She received her Ph.D. in Religion from Princeton University in 2017. She is
currently preparing a book manuscript based on her dissertation “Indigenization of Tibetan Buddhism in Twentieth-Century China.” Her book project sheds
light on cross-cultural and trans-regional religious transmission, specifically
showing how the interaction between Tibetan Buddhism and Chinese Buddhism has influenced the religious landscape of modern China.
Fan Zhang
is Assistant Professor of Anthropology in the Department of Sociology at
Peking University (China). Her research concerns Tibetan studies, ethnic studies, the study of empire and civilization, and anthropological theory. She has
carried out historical and ethnographical studies in Tibet, Sichuan, and Fujian.
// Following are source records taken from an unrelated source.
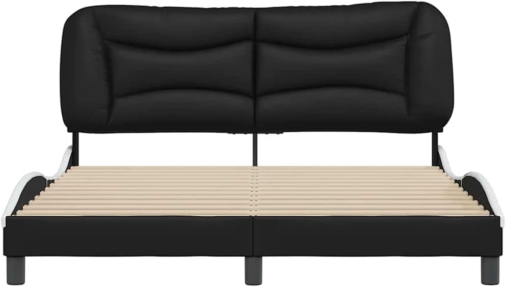 The Modern Bed Frame has a bold black and white design that fits right in with any modern bedroom. Its roomy dimensions and sleek look boost your sleeping space while offering comfort and style.Stylish Contemporary Look: The black and white color scheme looks great, making it a standout feature in your bedroom. It fits in easily with all sorts of decor styles.Headboard Cushion: Enjoy extra comfort leaning against the snazzy headboard cushion, made from soft faux leather—great for reading or just chilling in bed.Durable Construction: Built from solid pine wood and plywood, this bed frame is designed to be strong and last, so you can rest easy without worrying about it falling apart.Generous Sleeping Surface: With a width of 61.8 in and length of 85.8 in, the bed frame gives plenty of space for two adults to sleep comfortably while still looking elegant.Easy Maintenance: The stain-resistant surface is simple to clean, meaning you can keep it looking fresh with minimal hassle—perfect for everyday use.Color: Black Shape: RectangularMaterial: Faux Artificial LeatherFinish: Matte Indoor/Outdoor: Indoor OnlyCover Included: NoRoom: BedroomMaximum Number of People: 2Dimensions: 61.8 x 85.8 x 29.3 in (W x L x H)Swings: NoDelivery Contains: 1 x Bed frame with headboardAssembly Required: YesRecommended Number of People for Assembly: 2
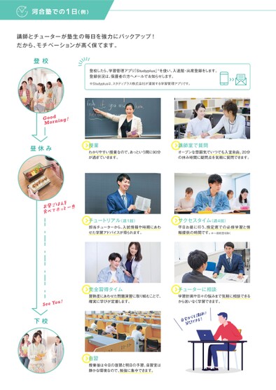 講師とチューターが塾生の毎日を強力にバックアップ!だから、モチベーションが高く保てます。登校したら、学習管理アプリ「Studyplus」※を使い、入退館・出席登録をします。登録状況は、保護者の方へメールでお知らせします。※Studyplusは、スタディプラス株式会社が運営する学習管理アプリです。登校GoodMorning!昼休み授業わかりやすい授業なので、あっという間に90分が過ぎていきます。講師室で質問オープンな雰囲気でいつでも入室自由。20分の休み時間に疑問点を気軽に質問できます。チュートリアル(週1回)担当チューターから、入試情報や時期にあわせた学習アドバイスが得られます。サクセスタイム(週4回)平日お昼に行う、指定席での必修学習と情報提供の時間です。※一部校舎を除くSeeYou!下校完全習得タイム習熟度にあわせた問題演習に取り組むことで、確実に学びが定着します。チューターに相談学習計画や日々の悩みまで気軽に相談できるから迷いなく学習できます。自習授業後は今日の復習と明日の予習。自習室は静かな環境なので、勉強に集中できます。
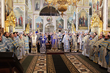 Его Высокопреосвященству сослужили председатель Синодального отдела по монастырям и монашеству, наместник Троице-Сергиевой лавры архиепископ Сергиево-Посадский Феогност, архиепископ Городницкий Александр, епископ Вознесенский и Первомайский Алексий и Собор духовенства.
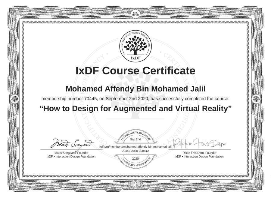 Mohamed Affendy Bin Mohamed Jalil's IxDF Course Certificate: How to Design for Augmented and Virtual Reality

Her major publications include “Grass-root Officials in the Ideological Battlefield: Revaluation of the Study of the amban in Tibet” (2014), “Reorienting the
Sacred and Accommodating the Secular: the History of Buddhism in China
(rgya nag chos ’byung)” (2016), and “Transcendent Space, Mandala, and Our
Holy Empire: Multiple Spatial Imaginations of Mount Wutai and Multiple Identifications in the 18th century” (2019, in Chinese).
Linghui Zhang
holds a PhD in Religious Studies from the University of Virginia and is currently affiliated with the Chinese Academy of History at the Chinese Academy
of Social Sciences. His dissertation project is situated in the field of tantric
Buddhism and traces the discursive trajectory of the Mahāmudrā tradition
from its origination in Indian Buddhist Tantra, through a formative process
nourished by Indian and Tibetan post-tantric ethos, and finally to its systematic presentation as epitomized in the twelfth-century Tangut work Keypoints
of Mahāmudrā as the Ultimate, compiled by a Xixia-based scholarly monk
Dehui. Zhang’s work focuses on how the Keypoints juxtaposes two soteriological modes of the visionary and the embodied and bridges them in the experiential domain of non-conceptual realization, analyzing it against the multiple
philosophical and practical threads from Indian and Tibetan Buddhist Tantra
and Mahāyāna scholasticism.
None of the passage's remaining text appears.